The text is divided into five main sections: the personal stories of ‘Dancing in Odessa’, a re-envisioning of the life of Osip Mandelstam as Orpheus in ‘Musica Humana’, the love poems of ‘Natalia’, exploration of further literary influences in ‘The Travelling Musicians’, and the final ‘Praise’. Strong spiritual currents run throughout and the initial poem, ‘Author’s Prayer’, frames the collection as ‘a kind of petition’ to God – the poet vowing to ‘speak for the dead’ of his homeland, writing ‘the same poem over and over’ lest a blank page be taken as ‘the white flag of their surrender’. So devoted is Kaminsky to this petition that he resolves to praise ‘even the darkest days’ in his supplication: ‘Lord, / I will praise your madness’.

And there is much madness to speak of – a school is bombed, his grandfather is shot, a girl is ‘gassed in her prayer’. In response, we find suggestion that psychological survival through these dark days might partly be achieved and have been achieved through the wild distractions and defiance of imagination, the soul’s music and dance, and laughter. In ‘Aunt Rose’, laughter is ‘each day’s own little artillery’ and the poet describes how his grandmother would pull ‘imagination like a blanket’ over his head for comfort. In these two examples, we find defiance and distraction. However, music, dance, and laughter might also be seen as ways to celebrate life – to praise, if you will. This reveals a potential duality: the text seems to hold praise, or defiance, or both.

Moreover, further duplexity is found in vocabulary of contrasts, in contradictions, and in stories wherein dance accompanies moments of violence. Kaminsky’s mother ‘moves so fast – she is motionless’ and we meet an American tourist ‘whose forgetting is a plot against forgetting’. We see his Aunt Rose, ‘her soul walking on two feet, the soul or no soul’ and learn that in ‘a soldier’s uniform, in wooden shoes, she danced / at either end of day’.

Indeed, the centre of this collection is enduring dance, as it seems to be for Kaminsky in a broader sense: ‘At the centre of my life: my mother dances’. This aura of ‘dance’ emerges not only from repetition of the word itself, from frequent images of dancing, and from the poet’s choice of song forms related to dances, but it is also felt through linguistic circling, woven through every element of the text. Some titles are repeated, for example, ‘Dancing in Odessa’ is not only the title of the book, it entitles a section within the book, and appears twice as poem titles. Further repetitions and parallelism abound, creating a sensation of whirling – of seeing the same or similar images, fleetingly, again and again as one turns: ‘the evening is asleep inside her shoulder – her shoulder // rounded by sleep’, and ‘yes, we lived. / We lived, yes’. We read that Kaminsky’s mother ‘becomes a stranger and acts herself, opens / what is shut, shuts what is open’ and that he writes his ‘friends / into earth, into earth, into earth.
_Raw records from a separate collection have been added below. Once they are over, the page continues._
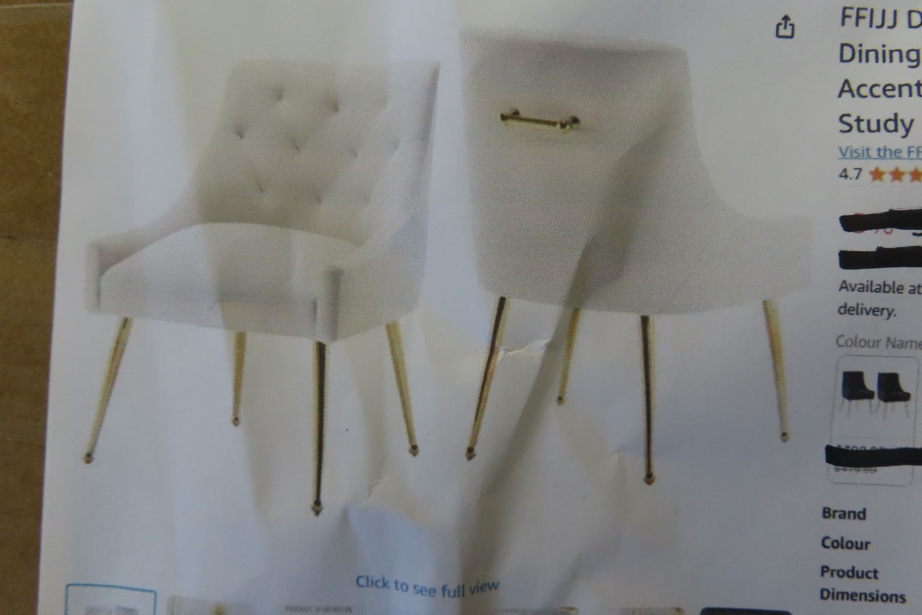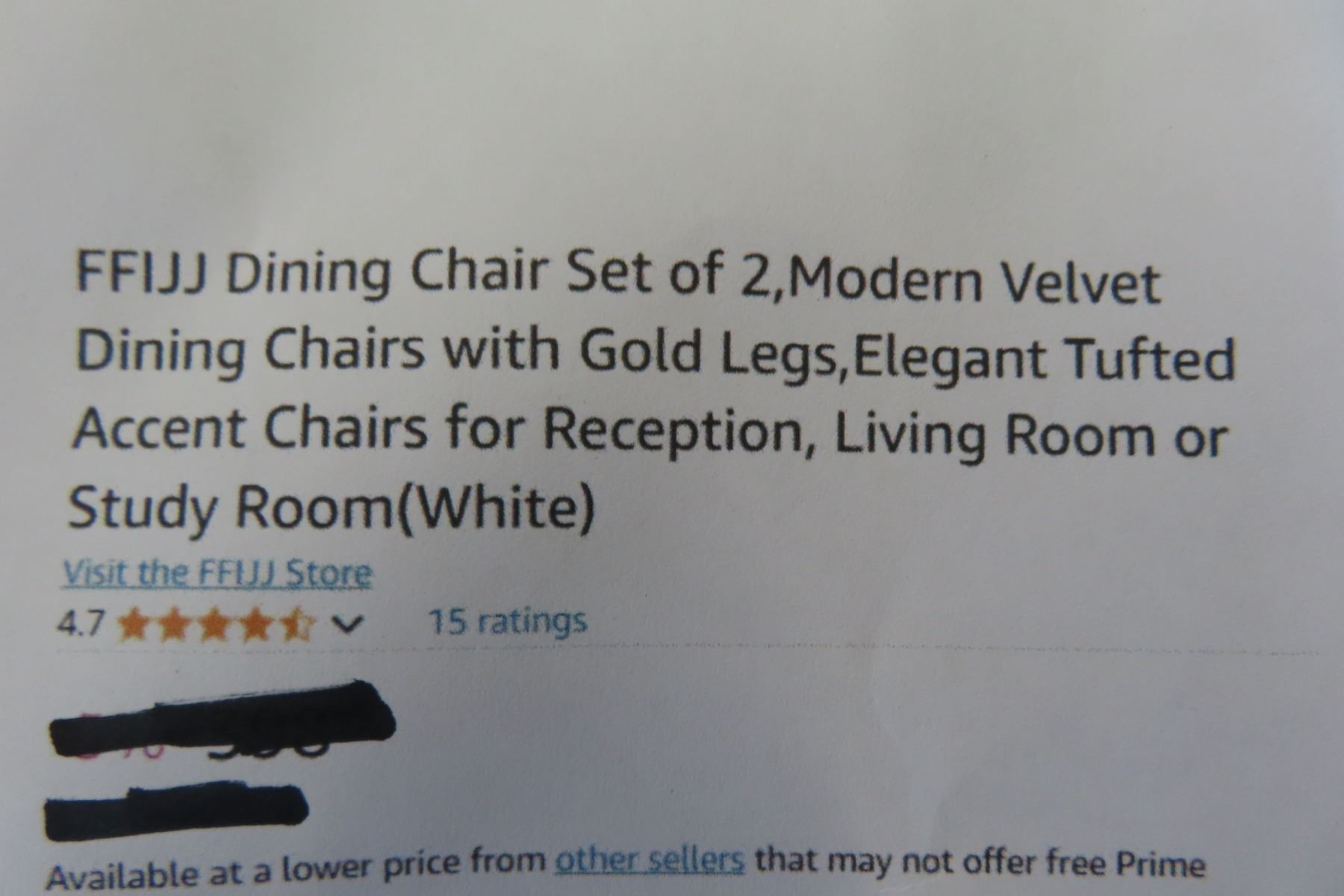 Dining Chair Set of 2, Modern, Velvet, Gold Legs, Tufted Accent Chairs - New or Store Return
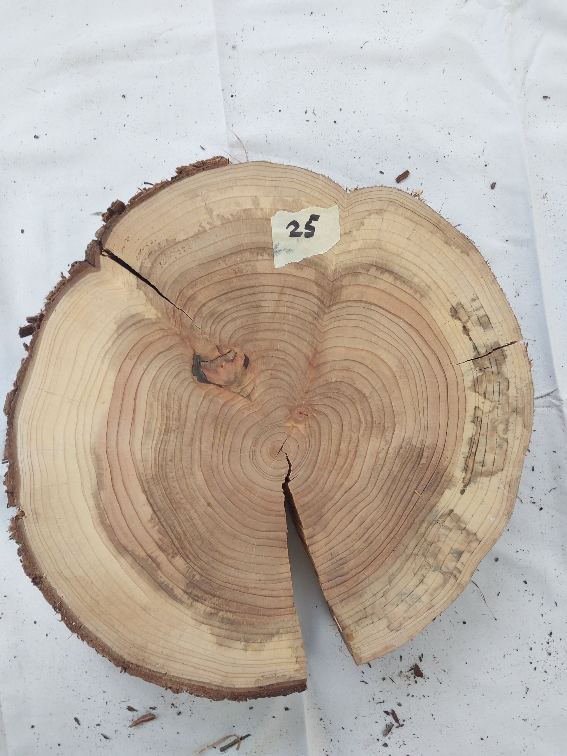 Es wird freihändig gesägt, die Dicke der Baumscheibe kann also an unterschiedlichen Stellen leicht schwanken. Je dicker die Scheibe ist, desto stabiler ist sie auch. Neben der Optik das vielleicht wichtigste Kriterium.
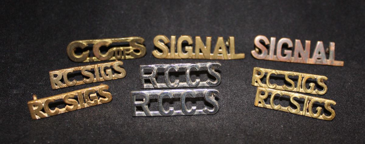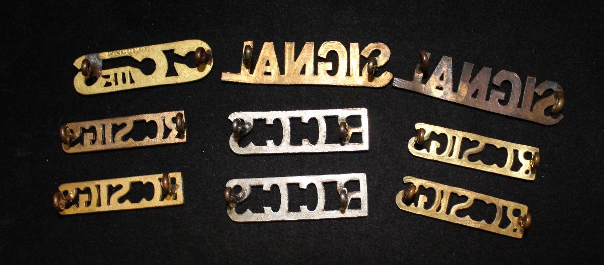1 - C.C.of S, 2 bar, brass metal, 12.87mm high, lug fasteners, SCULLY made. 2 - SIGNAL, joined at bottom, 13.20mm high, lug fasteners, one showing staining, looks like has been in fore or buried. 2 - R C C S, 2 bra, chrome plated, 12.81mm high, lug fasteners. 4 - RC SIGS, 2 bar, 10.27mm high, one pair brass metal other pair dull gold plated metal, lug fasteners. Lot of 9.
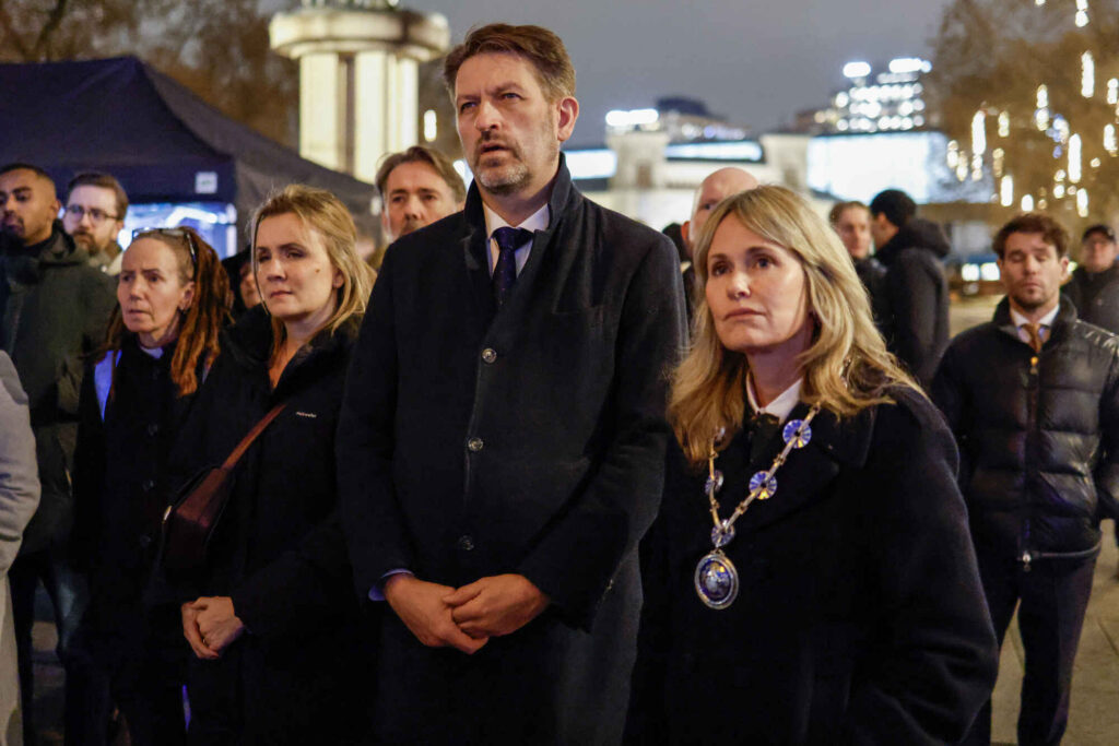 Ordfører i Oslo Anne Lindboe og leder i Oslos byråd Eirik Lae Solberg under en chanukkah-lystenning arrangert av den jødiske organisasjonen Chabad Libovitch på Rådhusplassen onsdag kveld.
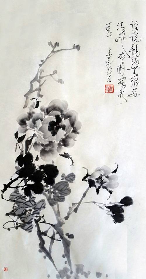 蔡茂友水墨牡丹作品
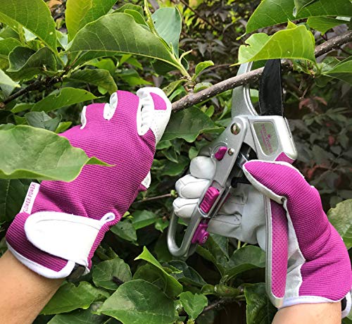 Guanti da giardinaggio da donna in pelle, slim fit, perfetti per il giardino e i lavori domestici, ottima idea regalo, viola

These syntactic and metrical structures not only give the feeling that one is spinning, they also emphasise the text’s wider rhythmic momentum, enhancing its sense of music and enlivenment. The speed with which we shift from image to image, and between observation or memory and imagination, is dizzying. It feels very much as though one has been swept up into the twists of a war, into a spiritual dance of praise, or both.

In essence, this book offers a visceral and graceful rendering of the complexities of war and faith, and there is far more grace to be discovered than could been covered here. What begins with the poet’s vow to petition the Lord, concludes with his being able to see past ‘the obscurer thoughts of God’, to see past the ‘madness’, and to retain his own faith. But the text also serves another important purpose – as Kaminsky has explained: ‘The formal elegies are on one side, a bow. But on the opposite side these people are alive, in my imagination, where they still are’. Through this collection, these people and their voices are able to live on, their dance is seen, and a powerful petition has been made.